### Goal of the exercise
Look in the material below for the line with "BRENTFORD, ENGLAND - JANUARY" and the line with "What could be", then set down exactly those two lines and all lines between, nothing more.

### Exercise material
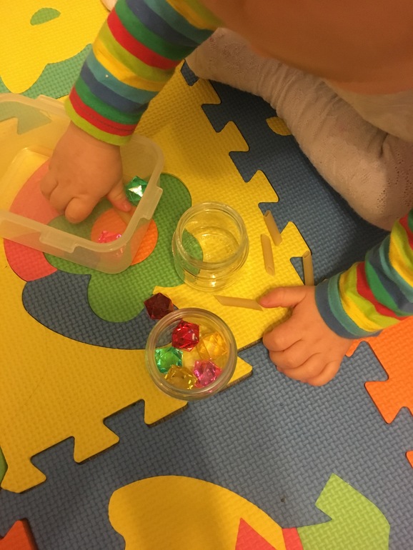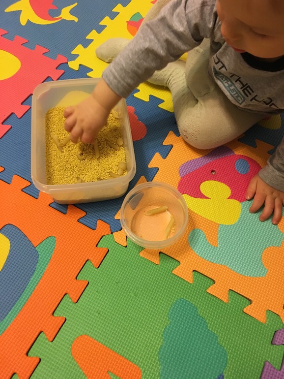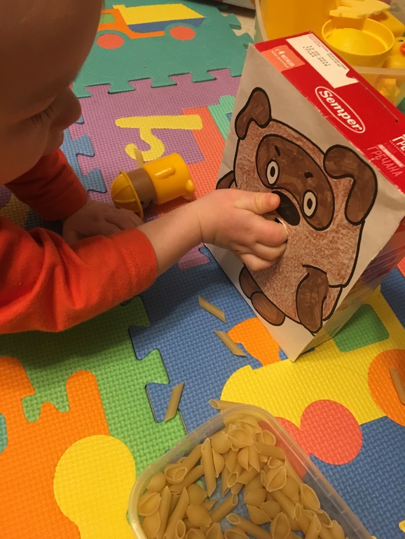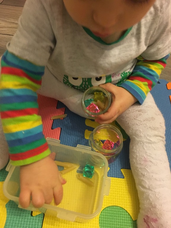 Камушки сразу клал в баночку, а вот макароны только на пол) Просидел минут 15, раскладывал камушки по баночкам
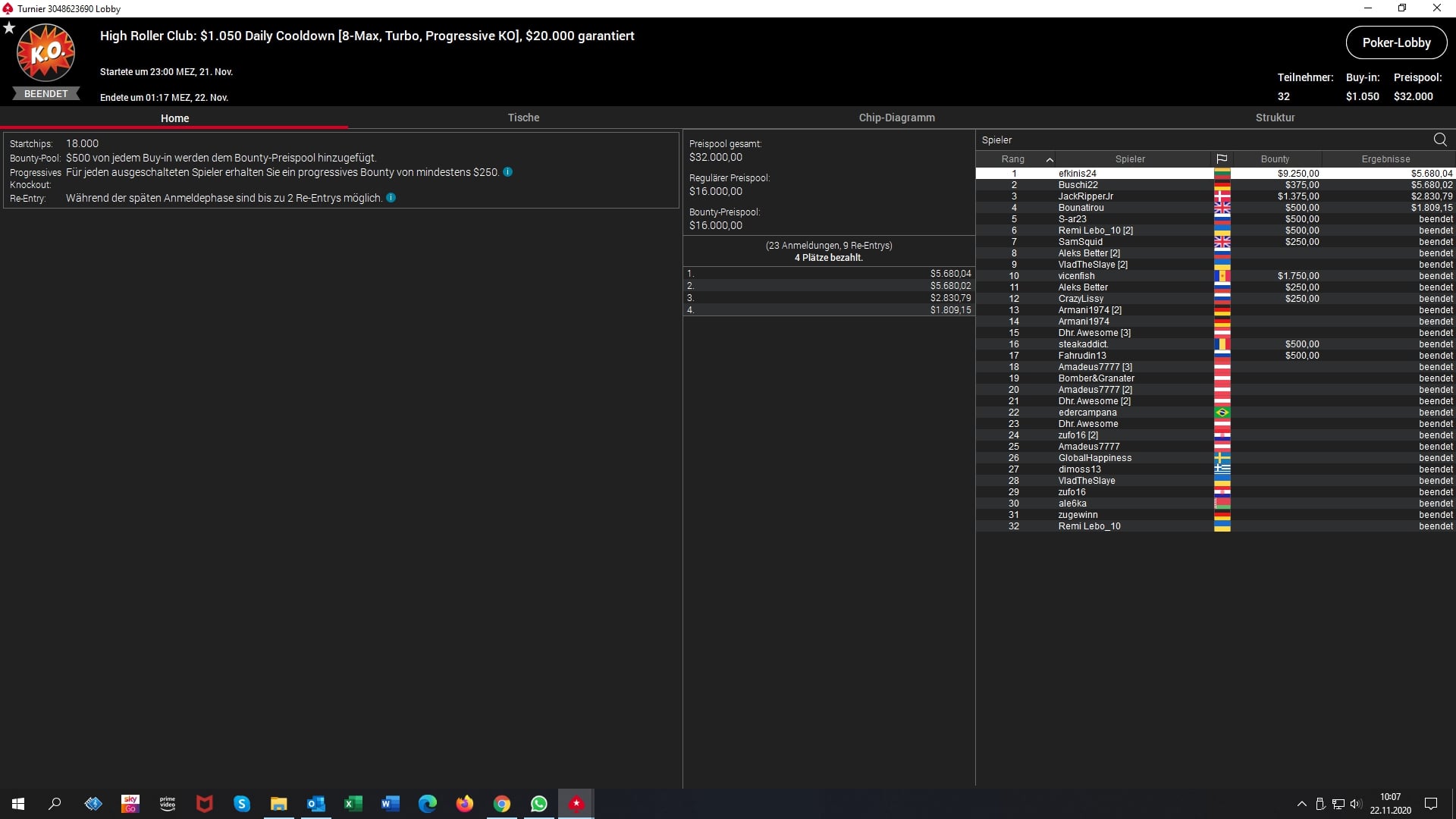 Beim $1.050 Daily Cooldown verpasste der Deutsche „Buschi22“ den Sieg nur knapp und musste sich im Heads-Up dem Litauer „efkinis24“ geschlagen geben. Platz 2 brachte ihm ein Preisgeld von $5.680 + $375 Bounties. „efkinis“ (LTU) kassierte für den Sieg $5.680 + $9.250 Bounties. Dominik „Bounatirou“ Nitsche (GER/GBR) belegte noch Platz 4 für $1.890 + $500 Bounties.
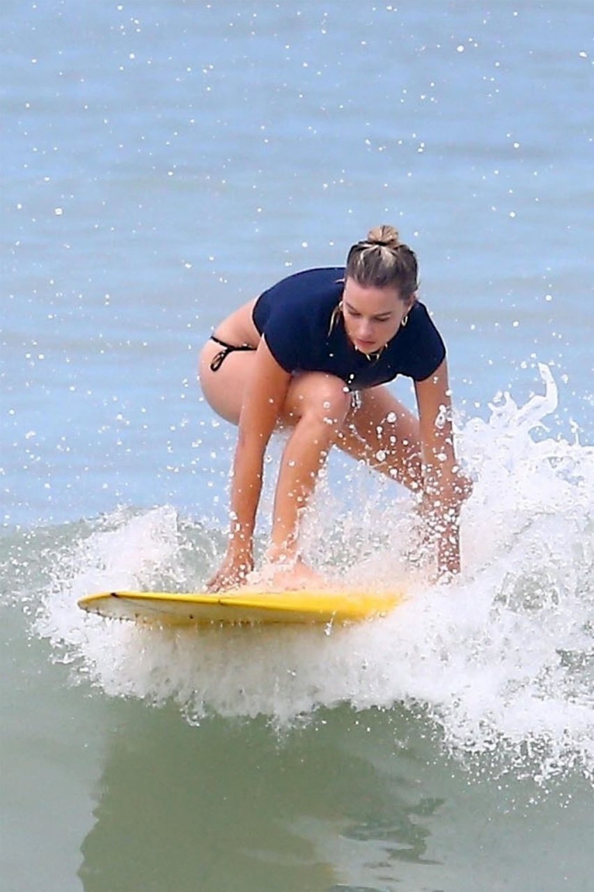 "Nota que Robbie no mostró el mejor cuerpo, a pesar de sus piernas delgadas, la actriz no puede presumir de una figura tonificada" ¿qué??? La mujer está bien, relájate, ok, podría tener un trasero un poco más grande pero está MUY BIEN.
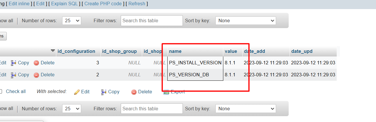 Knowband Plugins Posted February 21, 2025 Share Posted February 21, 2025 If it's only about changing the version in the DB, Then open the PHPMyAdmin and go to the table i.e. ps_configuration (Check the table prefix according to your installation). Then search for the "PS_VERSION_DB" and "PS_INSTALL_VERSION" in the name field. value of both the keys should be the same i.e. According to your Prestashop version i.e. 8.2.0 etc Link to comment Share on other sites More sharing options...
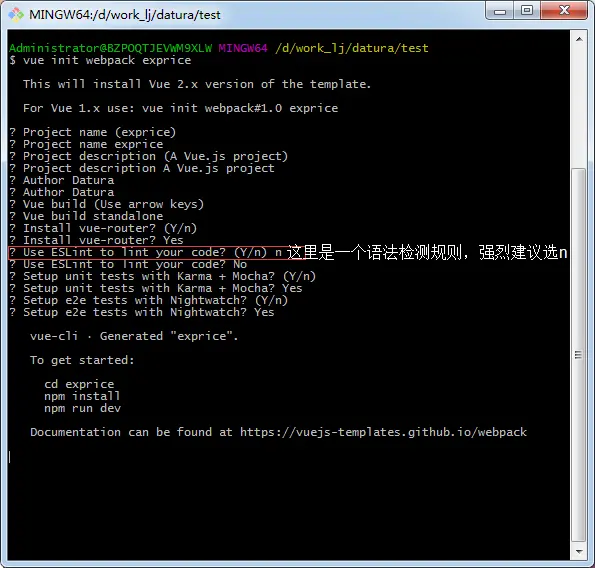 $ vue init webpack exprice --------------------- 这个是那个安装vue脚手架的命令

* * *

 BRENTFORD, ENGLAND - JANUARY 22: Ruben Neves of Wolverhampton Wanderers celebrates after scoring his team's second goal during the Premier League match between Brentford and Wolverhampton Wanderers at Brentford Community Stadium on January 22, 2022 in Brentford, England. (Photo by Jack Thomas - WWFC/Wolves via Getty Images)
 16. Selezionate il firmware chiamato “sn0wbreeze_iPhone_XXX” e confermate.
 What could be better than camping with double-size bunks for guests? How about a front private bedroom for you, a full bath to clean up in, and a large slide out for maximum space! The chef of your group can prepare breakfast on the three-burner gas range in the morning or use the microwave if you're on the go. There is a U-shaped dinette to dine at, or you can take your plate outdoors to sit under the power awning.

### Solution to this task
 BRENTFORD, ENGLAND - JANUARY 22: Ruben Neves of Wolverhampton Wanderers celebrates after scoring his team's second goal during the Premier League match between Brentford and Wolverhampton Wanderers at Brentford Community Stadium on January 22, 2022 in Brentford, England. (Photo by Jack Thomas - WWFC/Wolves via Getty Images)
 16. Selezionate il firmware chiamato “sn0wbreeze_iPhone_XXX” e confermate.
 What could be better than camping with double-size bunks for guests? How about a front private bedroom for you, a full bath to clean up in, and a large slide out for maximum space! The chef of your group can prepare breakfast on the three-burner gas range in the morning or use the microwave if you're on the go. There is a U-shaped dinette to dine at, or you can take your plate outdoors to sit under the power awning.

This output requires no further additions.